PD 2013 Vs. PD 2018…

In questi giorni stavo pensando che, nonostante i miei 13 anni in meno rispetto a Matteo Renzi, posso, serenamente e pacatamente, auto-definirmi “rottamata”. Questo mi dà la libertà di fare un’analisi franca sull’attuale situazione del PD e su cosa è avvenuto negli ultimi 5 anni.
 
5 anni fa, il PD modenese organizzò coraggiosamente (anche grazie alle pressioni di alcuni) le primarie per i parlamentari in vista delle elezioni politiche del 2013. Ai contendenti venne legittimamente chiesto di raccogliere quasi 500 firme in tre giorni a supporto della propria candidatura; io, supportata da nessuno e senza mancare un’ora dal lavoro, ne raccolsi la metà. Mi sento ancora riconoscente verso chi firmò e anche verso chi allora propose al partito locale di ammettermi comunque alla corsa. La proposta venne respinta, e va bene così.
 
parlamentarie
Non è la mia vicenda che deve interessare, ma il fatto che invece oggi, a campagna elettorale iniziata, non è stata ancora avviata nessuna forma di consultazione di iscritti ed elettori su chi verrà candidato, come e dove (questioni non da poco, vista l’astrusa legge elettorale che ci ritroviamo).
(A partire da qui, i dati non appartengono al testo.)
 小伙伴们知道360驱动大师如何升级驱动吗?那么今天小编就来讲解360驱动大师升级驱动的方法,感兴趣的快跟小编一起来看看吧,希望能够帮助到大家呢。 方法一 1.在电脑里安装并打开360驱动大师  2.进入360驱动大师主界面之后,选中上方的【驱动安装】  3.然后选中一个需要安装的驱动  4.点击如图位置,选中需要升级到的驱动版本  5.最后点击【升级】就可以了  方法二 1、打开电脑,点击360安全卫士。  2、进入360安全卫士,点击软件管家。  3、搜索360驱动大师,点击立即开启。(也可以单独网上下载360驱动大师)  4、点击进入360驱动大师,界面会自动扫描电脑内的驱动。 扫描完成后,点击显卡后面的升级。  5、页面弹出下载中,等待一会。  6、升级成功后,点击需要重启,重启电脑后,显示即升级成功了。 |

Non è chiaro neanche se ci saranno sedi nelle quali esprimere un parere “di peso” sugli uscenti.
Nel periodo peggiore per la credibilità della politica, alla vigilia di una campagna elettorale da coltello tra i denti, a Roma i vertici nazionali (di tutti i partiti sia ben chiaro!) hanno già definito i candidati e, con un po’ di approssimazione, anche chi verrà eletto. La possibilità per chi sta sul territorio di incidere su questo processo è a dir poco labile a questo punto.
 
Questo (e altre cose) per me sono la dimostrazione che la “cura Renzi” di questi 4 anni non ha particolarmente giovato alla nostra comunità politica: siamo arrivati ad utilizzare metodi più “vecchi”, persino di quelli che speravamo di “rottamare”.
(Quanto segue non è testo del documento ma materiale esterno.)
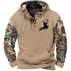 Herr Kamouflage Hjort Huvtröja Tröja Cowboy Ledigt Långärmad Huva Streetwear Jakt Brun Grön Kaki Ficka 3D-utskrift Höst Vinter Designer S M L XL XXL XXXL

Pazienza, ma che nessuno veda un pericolo in questo, mi preoccupa moltissimo, al pari del rischio di una possibile vittoria delle forze populiste.
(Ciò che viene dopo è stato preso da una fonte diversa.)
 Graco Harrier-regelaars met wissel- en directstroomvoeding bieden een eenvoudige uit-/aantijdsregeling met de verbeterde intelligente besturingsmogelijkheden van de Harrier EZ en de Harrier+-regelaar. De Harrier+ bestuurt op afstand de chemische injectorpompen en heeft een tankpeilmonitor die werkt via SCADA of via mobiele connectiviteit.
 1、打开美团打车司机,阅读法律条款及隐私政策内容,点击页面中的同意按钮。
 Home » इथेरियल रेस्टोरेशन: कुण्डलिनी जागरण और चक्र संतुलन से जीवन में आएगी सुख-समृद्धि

Non c’era tempo di pensare alle parlamentarie? Sarà, ma la scadenza di questa legislatura era nota e “programmata”, mentre 5 anni fa dovemmo persino fare i conti con uno scioglimento anticipato delle Camere … E allora?
 
Come al solito, è un problema di volontà. In questa situazione c’è chi soffre in silenzio da dentro, chi si defila, poi c’è chi ha fatto la scelta di andarsene per aprire l’ennesimo cartello della sinistra italiana. Non vedo molta angoscia per questo, anzi … Forse qualcuno sente di poter scalare più agevolmente un partito “for the few, not the many” (mi si consenta). Ma a me risulta che in una pozza con un filo d’acqua anche pochi pesci facciano fatica a sopravvivere.